I thought I would post my sub woofer build since Bob was gracious enough to donate the driver to the InDIYana event as a door price. I won the Black Box speaker competition so I got first choice at the door prize table. Since Jeff B. took the driver up front at the event and gave it his approval I jumped all over it. 
Not only did I get the driver Jeff also worked up the alignment for me. I've been wanting to build an end table sub for my living room and figured this would be a great candidate since it was designed to be an 18" cube.

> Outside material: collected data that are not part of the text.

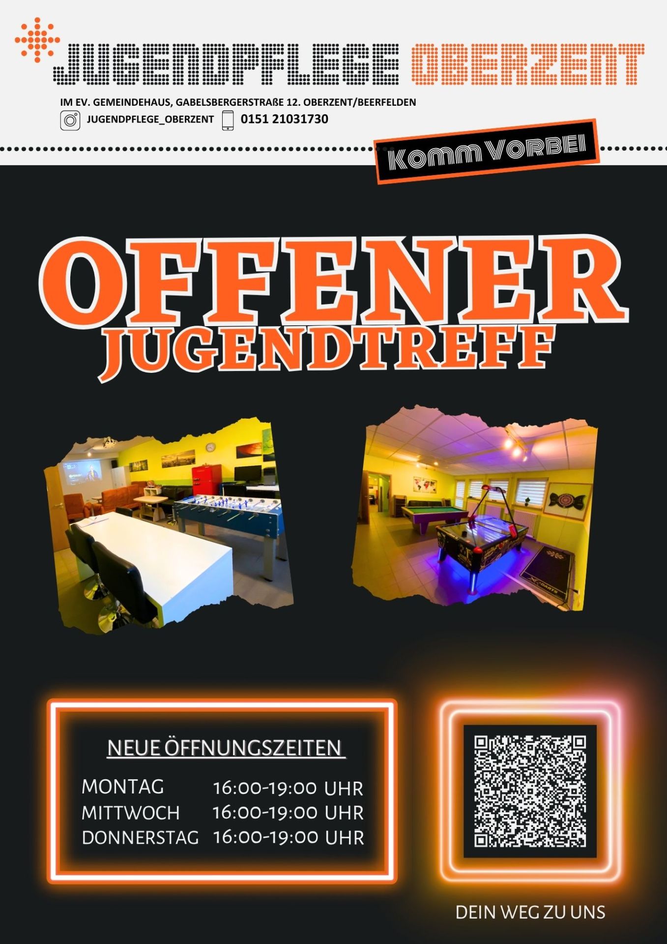 Im Jugendraum, welcher sich im Ev. Gemeindehaus in Beerfelden befindet, könnt ihr nach Herzenslust Billiard, Dart, Airhockey, Ps4, (Fifa) und viele weitere Karten, - Würfel oder Gesellschaftsspiele spielen oder einfach nur Chillen und die Zeit mit euren Freunden verbringen. Wer will kann sich dazu auch eine Pizza mitbringen. Eine Küche zum Kochen ist vor Ort. Falls du einen PC zum Bewerbung schreiben brauchst oder Informationen für ein Referat brauchst, kannst du auch gern vorbei kommen.
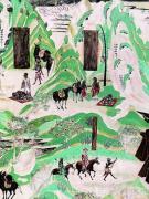 据考,莫高窟四百九十二个存在壁画和塑像的洞窟里,多数都有青绿。在一千多年的营建历程中,每一个朝代的洞窟也大都有青绿,尤以唐代最盛。著名的254窟(北魏)《萨埵太子本生图》和257窟(北魏)《九色鹿王本生图》,山峦、树林、流水、建筑及人物飘带,都是美丽的青绿色彩;217窟(盛唐)《佛顶尊胜陀罗尼经变图》,则是典型的李思训式青绿山水;172窟和45窟(盛唐)《观无量寿经变图》中的反弹琵琶,在绝美的动态间,用青绿色彩画出飘逸的舞带,使整个画面有了华彩炫目、飞扬灵动的效果。众多洞窟里动态优美、形象生动的飞天,其流畅飘逸的彩带和图案,也大都以青绿描绘。《五台山图》(五代)这幅莫高窟现存最大的壁画,在展现精美建筑的同时,亦用青绿色彩描绘了五台山的山山水水和民间风情。至于众多洞窟中数不清的千佛图,更是青绿频出。
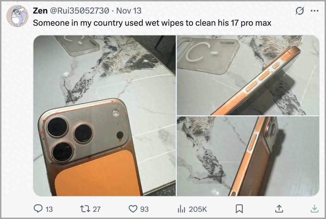 星宇橙作为 iPhone 17 Pro 系列新推出的配色,此前已引发广泛关注的褪色问题最早也是出现在这一配色上。现在使用清洁用品中含有过氧化物或酒精等化学物质,竟然会使机身漆面严重脱落!
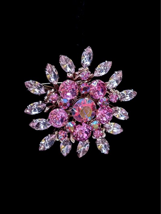 Mid-Century Modern Pink Aurura Borealis Crystal Rhinestone Brooch and Earrings Set
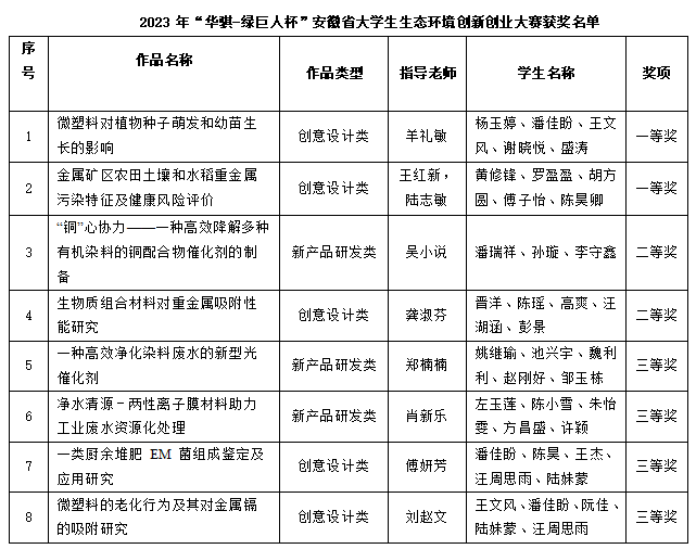 11月24日至25日,安徽省大学生生态环境创新创业大赛决赛在安庆师范大学举办。必赢官网代表队荣获一等奖2项、二等奖2项、三等奖4项的优异成绩,学校荣获优秀组织奖,羊礼敏、王红新和陆志敏老师荣获优秀指导教师奖。
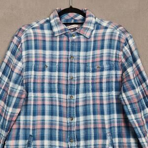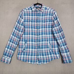 johnnie-O Surflannel Shirt Jacket Mens Medium Blue Pink Plaid Jason JMJK1920
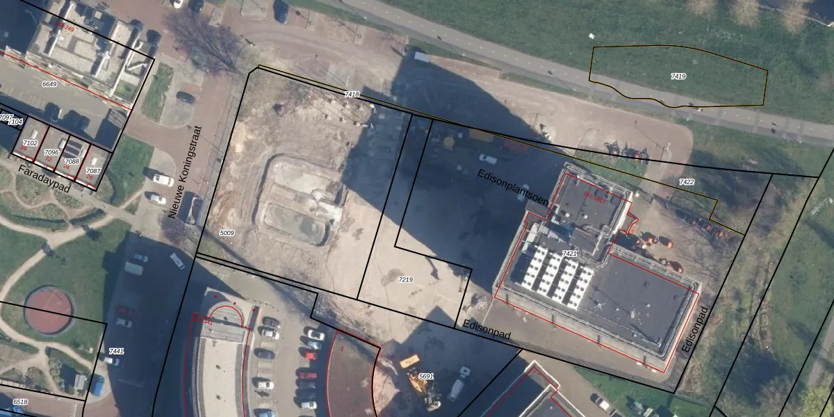 Het perceel waarop Edisonplantsoen 117 staat heeft een oppervlakte van 3315 m². Dit is een zeer groot perceel. De perceeloppervlakte wordt geregistreerd door het Kadaster. Gedetailleerde informatie over de maten van dit perceel kunt u vinden in het rapport Kadastrale kaart met maatvoering van Edisonplantsoen 117.

I figured I'd share the design if anyone else was interested in building it. You don't have to build a crazy looking design like I did. It can be done as an 18" cube. My goal was to build the box to not weigh more then the driver and amp so I tried out a cable system I'd been thinking about for a while to brace the cabinet. Here are my build pics if you want to check it out. The pics have some detail on the design with them. I'll just post the basics here. https://picasaweb.google.com/101632266659473725850/SDX12SubEndTable 
Here is also a build thread on it. CSS Quartet12XC Subwoofer Build

Anyway here is the alignment. It features one SDX12 driver, Two APR's from CSS and in this set up the Dayton SPA500 plat am. Jeff has this design using a couple different amps. 


























Some final pics



















I thought I new what good base sounded like but after building this sub I now know for sure what it sounds like. While listening to music this sub just makes the bass guitar feel like its right in the room with you and with movies it will make you feel just like your there. The look on my wives face was priceless when the first action scene started in the move Transformers. Wish I had a pic to post of that. 

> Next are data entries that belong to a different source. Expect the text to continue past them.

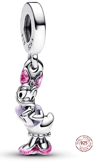Charm Sterlingové stříbro 925 Disney Daisy s růžovým smaltem, přívěsek na náramek film
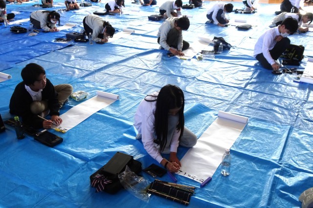 6mの巻物に出来上がった作品は、一つ一つが個性的で、自分らしさを表現できていました。
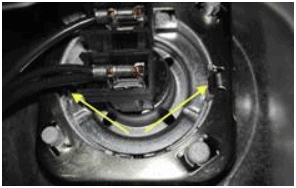 – Helyesen helyezze el a fényszóró burkolatának kupakját és rögzítse a reteszelő bilincset.
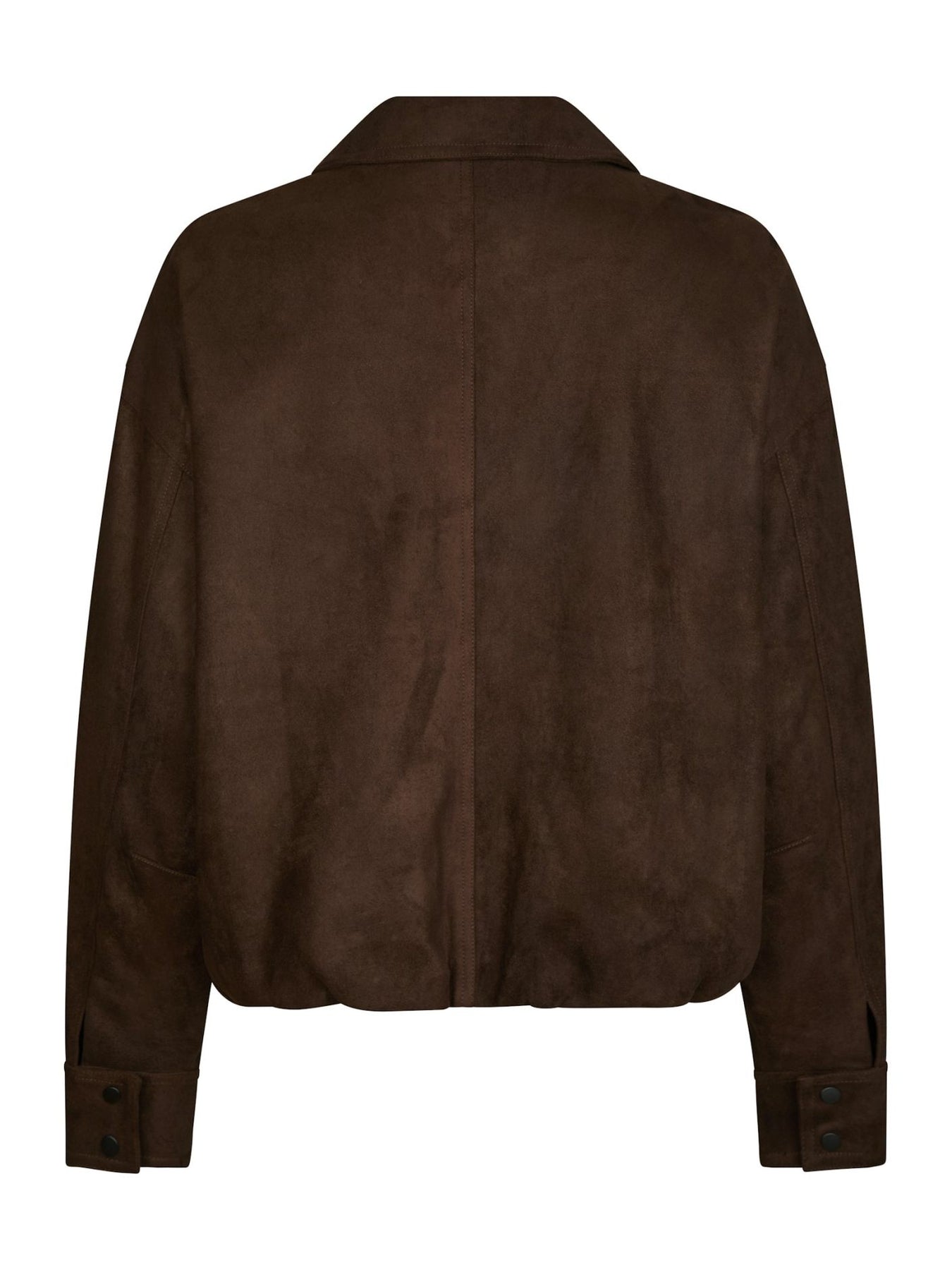 Rubby Faux Suede Jacket fra Neo Noir. Denne mørkebrune jakken fra Neo Noir er et tidløst tilskudd til høstgarderoben. Rubby Faux Suede Jacket er laget i myk, imitert semsket kvalitet med matt finish, og har en avslappet passform med droppede skuldre og elastisk fald som gir en rundet silhuett. Den skjulte kneppingen foran og de brede mansjettene gir et stilrent uttrykk, mens det myke materialet gir et eksklusivt preg til både hverdags- og kveldsantrekk.

Thanks again Bob for such a great driver. Also thanks again Jeff for an awesome design.

Dave


----------



## Mike P.

Interesting cabinet design. Glad to hear you are enjoying the sub!


----------



## orion

Awesome news man. That build looks crazy good. If it sounds half as good as it looks you have a winner. That internal bracing looks killer!! Good job.


----------



## steve nn

> I thought I new what good base sounded like but after building this sub I now know for sure what it sounds like. While listening to music this sub just makes the bass guitar feel like its right in the room with you and with movies it will make you feel just like your there. The look on my wives face was priceless when the first action scene started in the move Transformers. Wish I had a pic to post of that.
> 
> Thanks again Bob for such a great driver. Also thanks again Jeff for an awesome design.
> 
> Dave


 Very nice build Dave.. I ran across it when I was investigating the 12” SDX and was quite impressed with your effort. Anyway I’m very glad to hear your impressions are so high of the 12” SDX. I know I am with the older 15” version.. if looks mean anything, I’m sure I’ll be with the 12” also. Congrats on your new build and sub.


----------



## RAW

Nice build 

All the pictures posted on the PE forum. Guess Bob gave the kit away on the PE forum!


----------